“Just that, Daddy. A bunch of cars, a lot on the side of the road, some in the middle, but no jam up, just everyone stopped.”
He half-listened, while shoveling the burgers onto buns and putting them on the girls’ plates.
“Most likely the accident’s further on and people were told to pull over and wait,” he said.
The girls nodded and dug in. He ate his first burger in silence, saying nothing, just listening. It was almost eerie. You figure you’d hear something, a police siren if there was indeed an accident, cars down on old Highway 70 should still be passing by. Usually if the interstate was closed, emergency vehicles would use 70 to access the highway and it would be jammed with people trying to bypass the interstate. At the very least this was the time of night the darn Jefferson kids, up at the top of the hill, would start tearing around into the forest with their damn four-wheelers.
And then he looked up. He felt a bit of a chill.
This time of day any high-flying jets would be pulling contrails, and directly overhead was an approach corridor to Atlanta for most flights coming out of the northeast. At any given time there’d be two or three planes visible. Now the sky was sparkling blue, not a trace of a contrail.
The chill… it reminded him of 9/11. How quiet it was that afternoon, everyone home, watching their televisions, and the sky overhead empty of planes.
He stood up, walked to the edge of the railing, shaded his eyes against the late afternoon sun. Up towards Craggy Dome there was a fire burning, smoke rising vertical, half a dozen acres from the look of it. Another fire raged much farther out on the distant ridge of the Smokies.
In the village of Black Mountain, nothing seemed to be moving. Usually, before the trees filled in completely, he could see the red and green of the traffic light at the intersection of State and Main. It was off, not even blinking.
He looked back at the grandfather clock. It was usually this time of day that the “million-dollar train” came through, so named because it hauled over a million dollars’ worth of coal, mined out of Kentucky for the power plants down near Charlotte. When the girls were younger, an after-dinner ritual was to drive down to the tracks and wave to the engineer as the five heavy diesel-electric locomotives, thundering with power, pulled their load and crawled towards the Swannanoa Gap tunnel.
The silence was interrupted by a throaty growl as Grandma Jen came up l he driveway in her monster, the Edsel.
She pulled in beside his Talon, got out, and walked up.
“Damnedest thing,” she announced. “Power’s out up at the nursing home. And you should see the interstate, cars just sitting all over the place, not moving.”
“The power at the nursing home?” John asked. “What about the backup generator? That’s supposed to automatically kick in.”
“Well, the lights went out in the nursing home. I mean completely out.”
“They’re supposed to have emergency generation. That’s required,” John said.
“Never kicked on. Someone said there must be a broken relay and they’d get an electrician in. But still, it’s a worry. They had to shift patients on oxygen to bottled air, since the pumps in each room shut off. Tyler’s feeding tube pump shut off as well.”
“Is he all right?”
“He was nearly done with the feeding anyhow, so no bother. They said he’d be ok. So I go out to the parking lot and all the five o’clock shift of nurses and staff were out there, all of them turning keys, and nothing starting… but that old baby, the one you call the monster, just purred to life. Had to be here for my little girl, and that monster, as you call it, worked as it always has.”

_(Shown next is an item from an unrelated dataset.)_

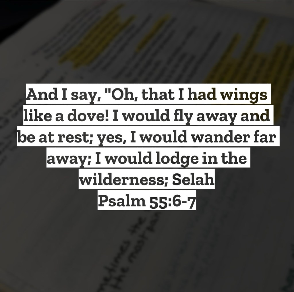 And I say, “Oh, that I had wings like a dove! I would fly away and be at rest; yes, I would wander far away; I would lodge in the wilderness; Selah. Psalm 55:6-7 - We learn from the psalm that David is once again in a season of great distress. The reasoning for such distress was because a close friend of his had turned on him and was behaving like his enemy. We aren’t given the exact situation this psalm is speaking of, and we may not even have this story of David recorded for us in scripture, but the desire of David is clear. He wanted out. He wanted to sprout wings, fly off into the wilderness, and enjoy the peaceful life he used to exist in within the sheep fields. Yet that was not God’s plan and not what God did for David, for he had to endure and remain in that heavy season. We too may find ourselves dreaming for wings to fly out of the difficult season we’re in and back into a more peaceful one. All we want is out of this hardship and finally past it, but like with David, that may not be God’s plan. You may have to remain in that hard time longer than you ever expected. While that can be frustrating and even confusing, take peace know you’re not alone in being told no to your “escape wings.” David wasn’t given the wings he prayed for. Even Jesus Himself didn’t get wings to fly away from the punishment of the cross but faithfully did the Father’s will. Having to remain in a season that we’d prefer to fly away from is a common theme we see in scripture, but see how each time God provided for His people. Often we also see the beautiful results of His people remaining in those seasons. So when you receive the no to your wings remember you’re not alone in hearing that answer, God will be with you through this, and God can make something wonderful as the result of remaining in this season. I love you, but Jesus loves you more – Mac – Daily DEVO 3010
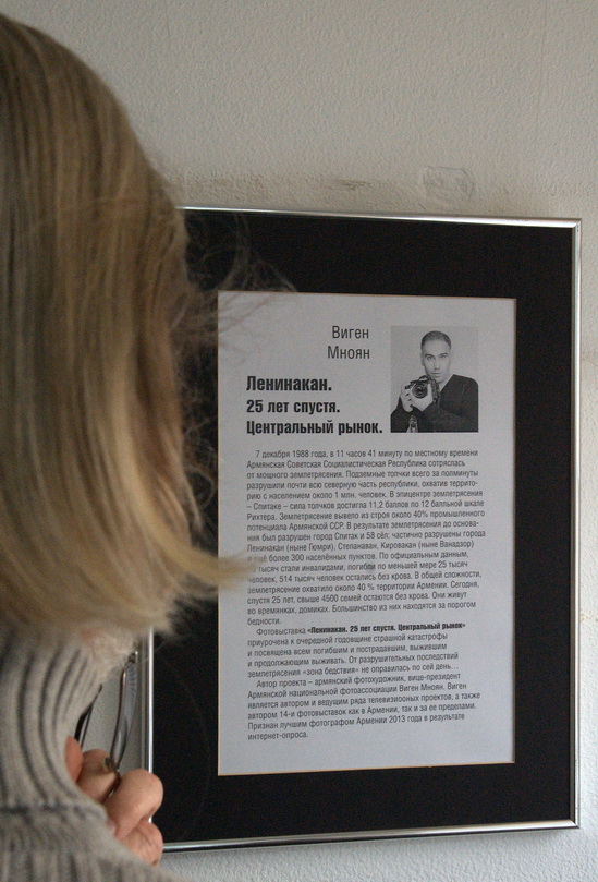 Фотовыставка «Ленинакан. 25 лет спустя. Центральный рынок» приурочена к очередной годовщине страшной катастрофы и посвящена всем погибшим и пострадавшим, выжившим и продолжающим выживать. От разрушительных последствий землетрясения «зона бедствия» не оправилась по сей день…

She nodded back proudly to her Edsel.
“Can we go for a ride and see everything, Grandma?” Jennifer asked.
“What about your party?” John asked.
“No one else showed up,” Jennifer said sadly.
Grandma Jen leaned over and kissed her on the top of the head.
“Lord’s sake, child, you’re a mess.”
“They were up playing in the field.”
“And wearing your necklace when doing that?” Jen asked, horrified.
John grimaced and realized he should have made sure Jennifer had taken it off before running around with the dogs. If she had lost it or it got broken in the roughhousing with the dogs, there’d have been hell to pay.
“A burger, Jen?” he asked quickly to distract her.
She shook her head.
“Not hungry.”
“At least some cake.”
“Ok.”
He went back into the kitchen and lit the twelve candles on the cake, a special one of course, no sugar, and brought it out singing “Happy Birthday,” Pat and Jen joining in.
The other gifts were now opened, a card from Bob and Barbara Scales with a gift certificate for a hundred bucks for Amazon, the Beanies he had carried over from the wall and lined up on the table. Jennifer tucked Patriot Bear under her arm and opened the huge envelope, half as big as herself, that John had made up the night before, a collage of photos of Disney
World with a fake “Ticket for Jennifer, Daddy, and, oh yeah, Elizabeth” printed in the middle.